School of Nursing, The University of Hong Kong, 3 Sassoon Road, Pokfulam, Hong Kong, PR China.
Department of Electrical and Electronic Engineering, The University of Hong Kong, Hong Kong, PR China.
BMC Public Health. 2024 May 20;24(1):1351. doi: 10.1186/s12889-024-18830-1.
Adolescent weight problems have become a growing public health concern, making early prediction of non-normal weight status crucial for effective prevention. However, few temporal prediction tools for adolescent four weight status have been developed. This study aimed to predict the short- and long-term weight status of Hong Kong adolescents and assess the importance of predictors.
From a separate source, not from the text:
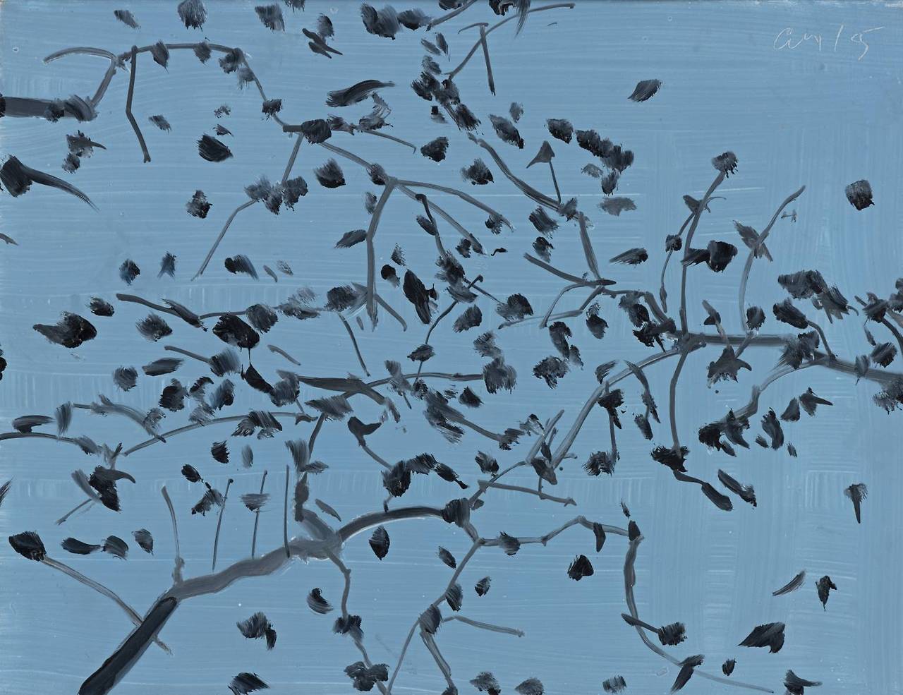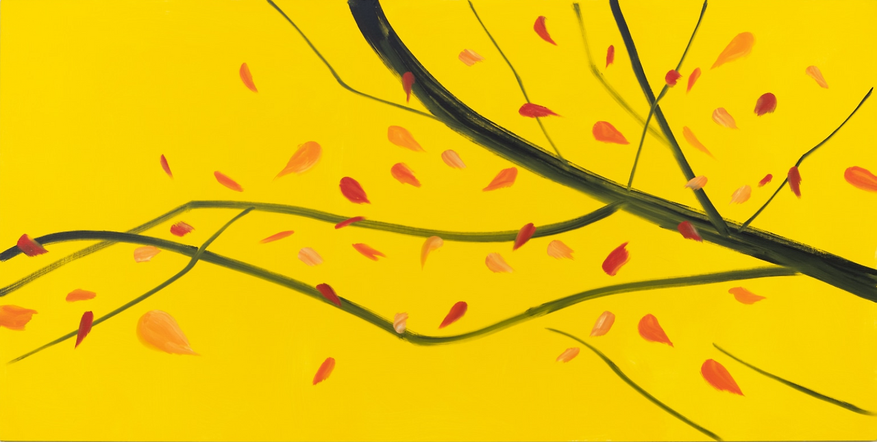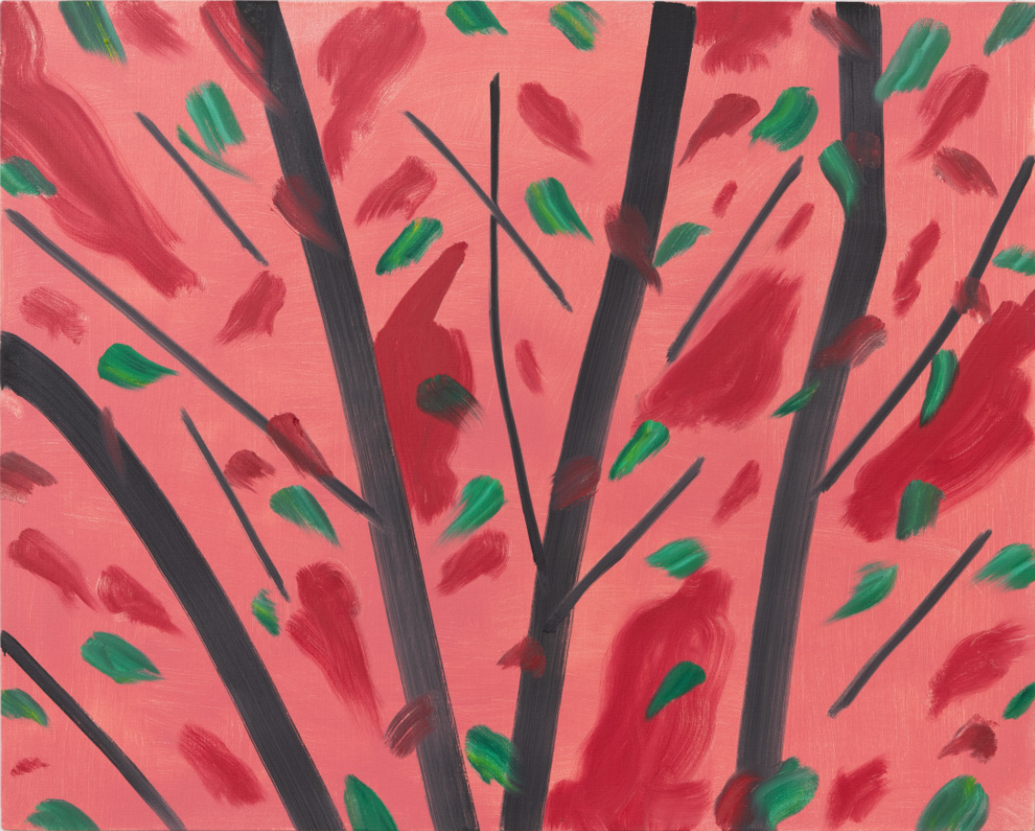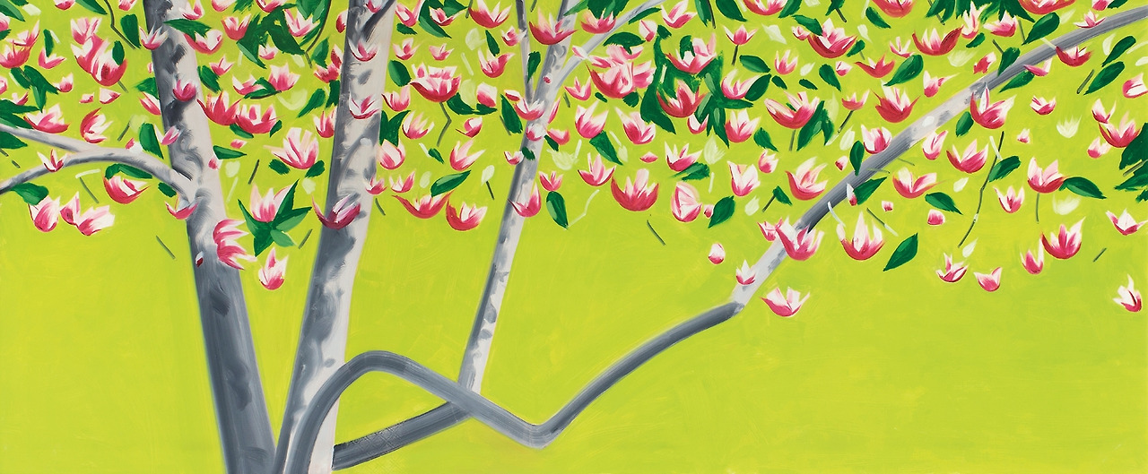 경력 초반에 집중했던 인물화로 카츠는 1970년대부터 평단의 주목을 받기 시작했고, 1986년 휘트니 미술관에서의 회고전으로 가장 뉴욕적인 화가로 자리매김한다. 1990년대부터 카츠는 꽃과 나무, 풍경화에 더욱 집중하며 순간의 인상과 에너지를 전달하는 형식을 연구했다. 카츠는 70년을 넘게 거의 매일 작업한 데다 작업 속도도 빨라 작품수가 엄청나다. 게다가 인기 있는 작품은 색채나 구성, 크기를 변주하거나 판화로 반복 제작하기도 했다. 나무 그림도 그 수와 스펙트럼이 넓어 계절별로 몇 점의 유화만 선정해 살펴보려고 한다. (나의 감각으로 구분한 것이기 때문에 보는 사람에 따라 다른 계절과 시간으로 읽을 수 있다)

A population-based retrospective cohort study of adolescents was conducted using data from a territory-wide voluntary annual health assessment service provided by the Department of Health in Hong Kong. Using diet habits, physical activity, psychological well-being, and demographics, we generated six prediction models for successive weight status (normal, overweight, obese and underweight) using multiclass Decision Tree, Random Forest, k-Nearest Neighbor, eXtreme gradient boosting, support vector machine, logistic regression. Model performance was evaluated by multiple standard classifier metrics and the overall accuracy. Predictors' importance was assessed using Shapley values.
442,898 Primary 4 (P4, Grade 4 in the US) and 344,186 in Primary 6 (P6, Grade 6 in the US) students, with followed up until their Secondary 6 (Grade 12 in the US) during the academic years 1995/96 to 2014/15 were included. The XG Boosts model consistently outperformed all other model in predicting the long-term weight status at S6 from P4 or P6. It achieved an overall accuracy of 0.72 or 0.74, a micro-averaging AUC of 0.92 or 0.93, and a macro-averaging AUC of 0.83 or 0.86, respectively. XG Boost also demonstrated accurate predictions for each predicted weight status, surpassing the AUC values obtained by other models. Weight, height, sex, age, frequency and hours of aerobic exercise were consistently the most important predictors for both cohorts.
The machine learning approaches accurately predict adolescent weight status in both short- and long-term. The developed multiclass model that utilizing easy-assessed variables enables accurate long-term prediction on weight status, which can be used by adolescents and parents for self-prediction when applied in health care system. The interpretable models may help to provide the early and individualized interventions suggestions for adolescents with weight problems particularly.
青少年体重问题已成为日益严重的公共卫生问题,因此对非正常体重状态进行早期预测对于有效预防至关重要。然而,目前针对青少年体重状态的短期和长期预测工具还很少。本研究旨在预测香港青少年的短期和长期体重状态,并评估预测指标的重要性。
本研究采用了基于人群的回顾性队列研究,数据来源于香港卫生署提供的全港性自愿年度健康评估服务。我们使用饮食习惯、身体活动、心理健康和人口统计学等信息,通过多类决策树、随机森林、k-最近邻、极端梯度提升、支持向量机和逻辑回归等方法,为连续体重状态(正常、超重、肥胖和消瘦)生成了六个预测模型。我们使用多个标准分类器指标和整体准确率来评估模型性能。使用 Shapley 值评估预测指标的重要性。
共纳入了 1995/96 学年至 2014/15 学年期间在小学四年级(美国为六年级)和小学六年级(美国为八年级)的 442898 名和 344186 名学生,对他们进行了随访,直至其高中六年级(美国为十二年级)。XG Boosts 模型在预测从四年级或六年级到高中六年级的长期体重状态方面始终优于其他所有模型。它的整体准确率为 0.72 或 0.74,微平均 AUC 为 0.92 或 0.93,宏平均 AUC 为 0.83 或 0.86。XG Boost 还对每个预测的体重状态进行了准确预测,超过了其他模型获得的 AUC 值。体重、身高、性别、年龄、有氧运动的频率和时间一直是两个队列中最重要的预测因素。
机器学习方法可以准确预测青少年的短期和长期体重状态。本研究开发的多类模型利用易于评估的变量,可以实现对体重状态的准确长期预测,在医疗保健系统中应用时,可以供青少年及其家长进行自我预测。可解释模型可能有助于为有体重问题的青少年提供早期和个体化的干预建议。